The privacy protections of automated medical scribes vary widely. While it is possible to do all the transcription and summarizing locally, with no connection to the internet, most closed-source providers require that data be sent to their own servers over the internet, processed there, and the results sent back (as with digital voice assistants). Some say[according to whom?] they use zero-knowledge encryption (meaning that the service provider can't access the data). Others explicitly say[according to whom?] that they use patient data to train their AIs, or rent or resell it to third parties; the nature of privacy protections used in such situations is unclear, and they are likely not to be fully effective.[citation needed]

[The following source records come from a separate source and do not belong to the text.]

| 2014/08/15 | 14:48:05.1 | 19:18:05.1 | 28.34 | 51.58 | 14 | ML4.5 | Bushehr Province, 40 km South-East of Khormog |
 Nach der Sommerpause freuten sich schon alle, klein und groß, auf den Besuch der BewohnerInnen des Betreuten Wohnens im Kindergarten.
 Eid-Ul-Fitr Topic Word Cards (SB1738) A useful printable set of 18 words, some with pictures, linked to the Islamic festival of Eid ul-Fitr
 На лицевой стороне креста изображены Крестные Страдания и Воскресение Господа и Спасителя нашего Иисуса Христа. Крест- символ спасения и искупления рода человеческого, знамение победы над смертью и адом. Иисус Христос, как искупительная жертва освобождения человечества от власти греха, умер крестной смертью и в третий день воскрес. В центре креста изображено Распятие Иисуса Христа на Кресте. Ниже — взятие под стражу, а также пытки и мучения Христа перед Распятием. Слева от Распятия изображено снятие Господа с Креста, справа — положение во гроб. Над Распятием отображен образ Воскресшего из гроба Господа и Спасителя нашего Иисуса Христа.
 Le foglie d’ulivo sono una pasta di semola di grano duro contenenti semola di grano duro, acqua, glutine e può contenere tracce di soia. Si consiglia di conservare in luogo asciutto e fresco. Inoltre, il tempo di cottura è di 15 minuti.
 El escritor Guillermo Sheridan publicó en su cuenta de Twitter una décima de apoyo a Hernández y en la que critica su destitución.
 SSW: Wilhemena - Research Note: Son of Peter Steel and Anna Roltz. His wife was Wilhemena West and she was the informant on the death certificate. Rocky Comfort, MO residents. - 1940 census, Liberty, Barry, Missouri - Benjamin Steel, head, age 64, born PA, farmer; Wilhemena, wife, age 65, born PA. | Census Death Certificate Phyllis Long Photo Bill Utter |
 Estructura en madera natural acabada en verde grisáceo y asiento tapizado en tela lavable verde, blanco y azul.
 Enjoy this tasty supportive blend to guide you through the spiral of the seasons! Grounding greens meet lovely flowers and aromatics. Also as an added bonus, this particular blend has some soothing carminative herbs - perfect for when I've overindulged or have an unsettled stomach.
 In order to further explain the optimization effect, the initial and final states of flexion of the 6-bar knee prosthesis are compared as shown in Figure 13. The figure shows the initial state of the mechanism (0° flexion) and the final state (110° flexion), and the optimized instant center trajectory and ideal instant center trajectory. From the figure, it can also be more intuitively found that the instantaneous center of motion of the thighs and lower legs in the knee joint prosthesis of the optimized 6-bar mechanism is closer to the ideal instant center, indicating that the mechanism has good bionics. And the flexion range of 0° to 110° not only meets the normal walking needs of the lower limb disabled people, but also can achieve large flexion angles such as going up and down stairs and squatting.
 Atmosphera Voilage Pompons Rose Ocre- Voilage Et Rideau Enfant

Most providers have not published any safety or utility data in academic journals,[1] and are not responsive to requests from medical researchers studying their products.[2]

Privacy

[edit]

Some providers unclear about what happens to user data.[3] Some may sell data to third parties.[1] Some explicitly send user data to for-profit tech companies for secondary purposes,[1] which may not be specified. Some require users to sign consents to such reuse of their data.[4] Some ingest user data to train the software,[1] promising to anonymize it; however, deanonymization may be possible (that is, it may become obvious who the patient is).[3] It is intrinsically impossible to prevent an LLM from correlating its inputs; they work by finding similar patterns across very large data sets. Some information on the patient will be known from other sources (for instance, information that they were injured in an incident on a certain day might be available from the news media; information that they attended specific appointment locations at specific times is probably available to their cellphone provider/apps/data brokers; information about when they had a baby is probably implied by their online shopping records; and they might mention lifestyle changes to their doctor and on a forum or blog). The software may correlate such information with the "anonymized" clinical consultation record, and, asked about the named patient, provide information which they only told their doctor privately. Because a patient's record is all about the same patient, it is all unavoidably linked; in very many cases, medical histories are intrinsically identifiable.[5] Depending on how common a condition and what other data is available, K-anonymity may be useless. Differential privacy could theoretically preserve privacy.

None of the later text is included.